School-students who volunteered to record their conversations with friends were instructed about the procedure, requirements and circumstances of the recording as well as introduced to research ethics and anonymity. The informants were equipped with a portable digital recorder and a lapel microphone (though not all the informants used it) for one week and instructed to record at least two hours of spontaneous speech with friends in their leisure time. In addition, the informants were asked to record in not very noise places without, if possible, their friends noticing the recorder. The informant had to tell friends about the recording at the end of the recording process and ask for friends’ permission for their language having been recorded and be used for research purposes. If some adolescents, however, felt uncomfortable recording their friends, they could inform their friends about the recording and ask for their permission at the beginning of the recording process. When the major part of the corpus data was collected, it appeared that friends noticed the recorder at the beginning or in the middle of the recording process more often than not. Awareness of the recorder did not seem to make the participants less spontaneous but rather encouraged them to be bolder indulging into dirty jokes, or using swearwords when addressing the researcher (cf. similar difficulties when compiling COLT documented by Stenström, Andersen and Hasund (2002: 6)).

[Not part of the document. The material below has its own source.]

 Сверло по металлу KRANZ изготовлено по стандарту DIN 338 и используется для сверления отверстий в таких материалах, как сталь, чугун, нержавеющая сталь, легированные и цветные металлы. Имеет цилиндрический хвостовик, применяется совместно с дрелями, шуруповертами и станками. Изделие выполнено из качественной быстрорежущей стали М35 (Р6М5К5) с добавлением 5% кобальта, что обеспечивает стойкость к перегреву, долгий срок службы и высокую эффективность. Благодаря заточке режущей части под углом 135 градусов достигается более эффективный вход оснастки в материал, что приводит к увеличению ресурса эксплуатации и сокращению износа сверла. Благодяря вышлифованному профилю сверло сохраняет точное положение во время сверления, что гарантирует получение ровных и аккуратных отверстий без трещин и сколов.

Informants were also asked to fill in the questionnaire form with information about the speaking situation (location, e.g. at home, school, canteen, café, etc.) and all the speakers, i.e. the informant (contact information, age) and other participating speakers (their real names, age, relation to the informant, e.g. friend, classmate, sister). Obviously enough, the latter information remained confidential and was used for research purposes only.

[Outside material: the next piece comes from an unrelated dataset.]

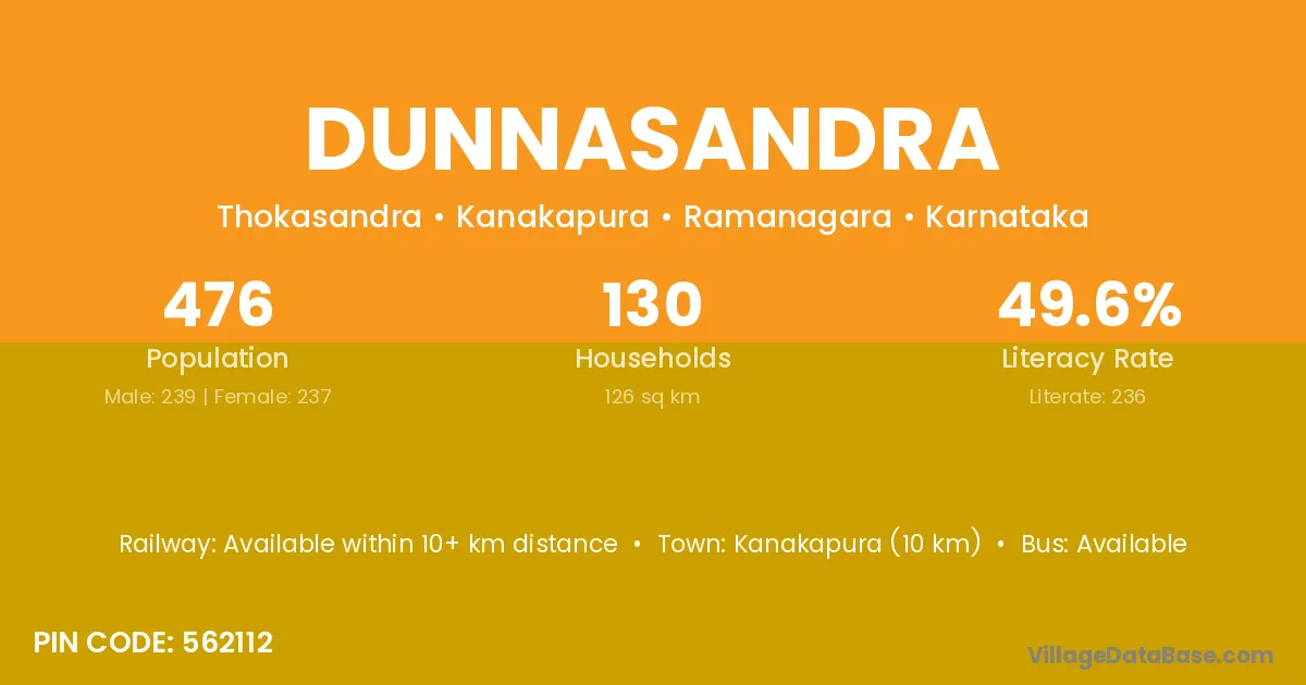 Kanakapura (10 km) is the nearest town to Dunnasandra village for major economic activities and is located approximately 10 km away.

The requirements overviewed were followed by the informants in the majority of cases. Most conversations, as asked, were recorded among peers. However, some informants’ family members as well as teachers or strangers (shop assistants, neighbours) took part in several conversations. As the present analysis aims to reveal the distribution of Russian and English resources among 10–16 year old adolescents, the language of speakers who did not fall within the latter age category, was excluded from the present research. In addition, some speakers only came and left during the conversation. Accordingly, the speech samples of speakers who produced 100 words or fewer (7 girls and 4 boys) were excluded from the present analysis.
3.2. Non-linguistic parameters of VALC collection: ethnic and social marking of Vilnius neighbourhoods
For the corpus data to include adolescents’ speech samples from Vilnius neighbourhoods of different ethnic and linguistic marking, a contrastive method of ethnically marked and ethnically unmarked neighbourhood was applied. Neighbourhoods with fifty of more per cent of ethnic Poles and/or Russians are referred to as ethnically marked (EthM) in the corpus as well as the present research. Accordingly, Vilnius neighbourhoods inhabited by over sixty per cent of ethnic Lithuanians [6] are called ethnically unmarked neighbourhoods (EthUn) (see Figure 1).
Figure 1. VALC collection: ethnic composition of Vilnius neighbourhoods
As shown in Figure 1, there are more ethnic Poles (approx. 30 %) in EthM 1 and EthM 2 than Russians (approx. 20 %). Ethnicity does not correlate directly with linguistic choices as there is likelihood that adolescents from EthM neighbourhoods may choose Russian in addition to Polish resources. As shown by Geben (2010), Vilnius Poles tend to use both Polish and Russian for public communication on a daily basis. Ethnic Poles sometimes even quarrel in Russian. Hence, Polish or Russian ethnicity does not directly presuppose the use of either Polish or Russian resources.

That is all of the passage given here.